Ron Hazelton (March 29, 1942 – April 30, 2023) was an American television presenter. He was the host of several popular home improvement series including Ron Hazelton's HouseCalls. He was also the Home Improvement Editor for ABC's Good Morning America and hosted several shows for The History Channel.

== Early life ==
Hazelton was born March 29, 1942, in Binghamton, New York, to Earl, a building contractor, and Wanda Hazelton. He graduated from the Florida State University College of Business with a BS in marketing in 1965. He was a member of the Pi Kappa Alpha fraternity and was part of the Air Force ROTC Drill team.

== Early career ==
After graduation, Hazelton joined US Navy Officer Candidate School for Anti-Submarine Warfare School. Hazelton was a marketing consultant in Boston. He founded a storefront restoration workshop in San Francisco called Cow Hollow Woodworks in 1978. He sold the business in 1993.

== Television career ==
In 1989, Hazelton created, co-produced, and hosted a reality-based, on-location home improvement television program called The House Doctor. It ran from 1990 to 1997 with more than 200 episodes and 600 house visits. It originated on ABC affiliate KGO-TV in San Francisco, and aired for several years on the HGTV network until 2001. He related that he got started on television by accident: his dentist connected him with a KGO-TV producer for what became The House Doctor.

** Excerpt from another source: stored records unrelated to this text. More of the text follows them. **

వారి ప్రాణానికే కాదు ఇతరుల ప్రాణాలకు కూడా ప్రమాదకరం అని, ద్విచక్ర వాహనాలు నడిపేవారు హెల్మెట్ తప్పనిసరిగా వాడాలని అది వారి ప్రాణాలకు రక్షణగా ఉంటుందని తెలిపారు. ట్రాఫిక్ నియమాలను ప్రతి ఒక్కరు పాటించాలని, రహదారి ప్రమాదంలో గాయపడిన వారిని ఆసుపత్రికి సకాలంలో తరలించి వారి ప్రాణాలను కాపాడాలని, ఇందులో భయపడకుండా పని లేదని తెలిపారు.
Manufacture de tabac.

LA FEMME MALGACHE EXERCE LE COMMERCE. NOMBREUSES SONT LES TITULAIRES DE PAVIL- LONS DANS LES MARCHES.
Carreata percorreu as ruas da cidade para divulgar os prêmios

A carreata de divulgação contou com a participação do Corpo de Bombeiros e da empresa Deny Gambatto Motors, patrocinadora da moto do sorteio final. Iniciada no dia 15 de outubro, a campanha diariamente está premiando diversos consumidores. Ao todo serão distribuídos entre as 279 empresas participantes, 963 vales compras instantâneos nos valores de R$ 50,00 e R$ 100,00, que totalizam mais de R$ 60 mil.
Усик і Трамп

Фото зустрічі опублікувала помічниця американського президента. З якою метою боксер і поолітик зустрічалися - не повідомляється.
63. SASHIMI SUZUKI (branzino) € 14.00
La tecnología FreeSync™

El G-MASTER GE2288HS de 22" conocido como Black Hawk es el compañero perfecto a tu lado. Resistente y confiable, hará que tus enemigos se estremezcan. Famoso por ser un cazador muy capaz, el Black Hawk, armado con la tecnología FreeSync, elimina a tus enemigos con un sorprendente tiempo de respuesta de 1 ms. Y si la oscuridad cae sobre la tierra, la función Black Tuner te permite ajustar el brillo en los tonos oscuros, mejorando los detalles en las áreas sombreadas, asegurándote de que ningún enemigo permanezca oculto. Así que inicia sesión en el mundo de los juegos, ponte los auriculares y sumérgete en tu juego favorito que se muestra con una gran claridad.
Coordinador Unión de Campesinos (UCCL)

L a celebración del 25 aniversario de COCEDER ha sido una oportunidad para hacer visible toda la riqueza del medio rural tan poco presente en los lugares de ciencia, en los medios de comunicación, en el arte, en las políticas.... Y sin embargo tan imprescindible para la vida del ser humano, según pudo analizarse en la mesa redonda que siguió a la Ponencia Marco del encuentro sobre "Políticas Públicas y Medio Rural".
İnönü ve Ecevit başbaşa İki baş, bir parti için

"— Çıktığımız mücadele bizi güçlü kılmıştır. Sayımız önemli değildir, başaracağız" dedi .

Hazelton was the Home Improvement Editor for ABC's Good Morning America from 1997 to 2007. Ron reported regularly on a variety of topics related to home improvement, design, repair, health, and safety. He has been featured as a home improvement expert on The Oprah Winfrey Show, Inside Edition, Discovery Channel's Popular Mechanics, Lifetime's Our Home and The History Channel's series Modern Marvels — History of Tools, Hands on History and Save our History: Frontier Homes.

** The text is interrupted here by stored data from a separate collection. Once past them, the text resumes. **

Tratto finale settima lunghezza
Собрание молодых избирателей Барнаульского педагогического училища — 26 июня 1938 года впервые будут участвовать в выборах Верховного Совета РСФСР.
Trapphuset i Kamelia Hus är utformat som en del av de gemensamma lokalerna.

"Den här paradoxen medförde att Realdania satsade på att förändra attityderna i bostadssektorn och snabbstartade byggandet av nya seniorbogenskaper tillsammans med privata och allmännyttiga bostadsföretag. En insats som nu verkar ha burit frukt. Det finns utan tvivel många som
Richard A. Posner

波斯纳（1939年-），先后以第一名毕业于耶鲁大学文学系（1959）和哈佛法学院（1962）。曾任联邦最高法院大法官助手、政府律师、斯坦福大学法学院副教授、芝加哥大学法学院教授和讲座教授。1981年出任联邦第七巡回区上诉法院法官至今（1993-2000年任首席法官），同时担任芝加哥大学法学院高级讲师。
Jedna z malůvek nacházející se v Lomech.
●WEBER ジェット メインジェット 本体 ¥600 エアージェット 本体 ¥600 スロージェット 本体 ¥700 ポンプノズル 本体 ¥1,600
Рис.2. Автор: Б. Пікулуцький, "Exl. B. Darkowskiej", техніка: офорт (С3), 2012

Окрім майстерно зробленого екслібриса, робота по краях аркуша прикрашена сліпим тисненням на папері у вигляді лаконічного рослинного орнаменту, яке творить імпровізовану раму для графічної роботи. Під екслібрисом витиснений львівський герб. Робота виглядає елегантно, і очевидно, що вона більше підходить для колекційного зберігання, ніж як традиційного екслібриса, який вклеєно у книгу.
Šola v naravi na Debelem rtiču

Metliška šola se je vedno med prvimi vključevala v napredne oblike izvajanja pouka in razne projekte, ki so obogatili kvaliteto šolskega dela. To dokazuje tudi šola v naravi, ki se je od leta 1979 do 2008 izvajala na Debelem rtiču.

Ron Hazelton's HouseCalls is a 30-minute Tribune Entertainment nationally syndicated home improvement show that Hazelton produced and hosted. He traveled by motor home with a mobile workshop to help people with weekend DIY home projects. As of May 2023, Ron Hazelton's HouseCalls is broadcasting season 24.

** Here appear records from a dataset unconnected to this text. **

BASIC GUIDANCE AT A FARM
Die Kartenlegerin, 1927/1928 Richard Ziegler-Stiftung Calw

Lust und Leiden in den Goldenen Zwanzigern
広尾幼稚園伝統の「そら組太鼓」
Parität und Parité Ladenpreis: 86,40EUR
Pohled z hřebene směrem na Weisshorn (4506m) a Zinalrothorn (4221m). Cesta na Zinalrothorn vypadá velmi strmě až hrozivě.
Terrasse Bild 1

HouseCalls is a new syndicated version of the program featuring a new logo (stylized "HouseCalls") mixing vintage clips of Ron with new clips featuring host Brian Kelsey and is syndicated by The Television Syndication Company, Inc. (TVS) on a barter basis. The new programs have a copyright date of 2026.

== Advocacy ==
Hazelton was the national spokesperson for the Home Fire Sprinkler Coalition, a non-profit, fire safety organization, from 1997. He received a special Appreciation Award from Home Fire Sprinkler Coalition Steering Committee member, the National Fire Sprinkler Association, for his work on behalf of the organization.

== Author ==
Hazelton was the author of:
- Ron Hazelton's HouseCalls: America's Most Requested Home Improvement Projects (1999, Time-Life Books)
- Plumbing Made Easy (2009, F+W Publications’ Home Basics series)
- Electrical Made Easy (2009, F+W Publications’ Home Basics series)

== Personal life and death ==
Hazelton married Lynn Robin Drasin in October 1997. At the time of their marriage, Drasin was a segment producer on Good Morning America on ABC while Hazelton was the show's home improvement editor. Drasin later became a producer on Ron Hazelton's HouseCalls.

Hazelton died at his Connecticut home on April 30, 2023, at the age of 81.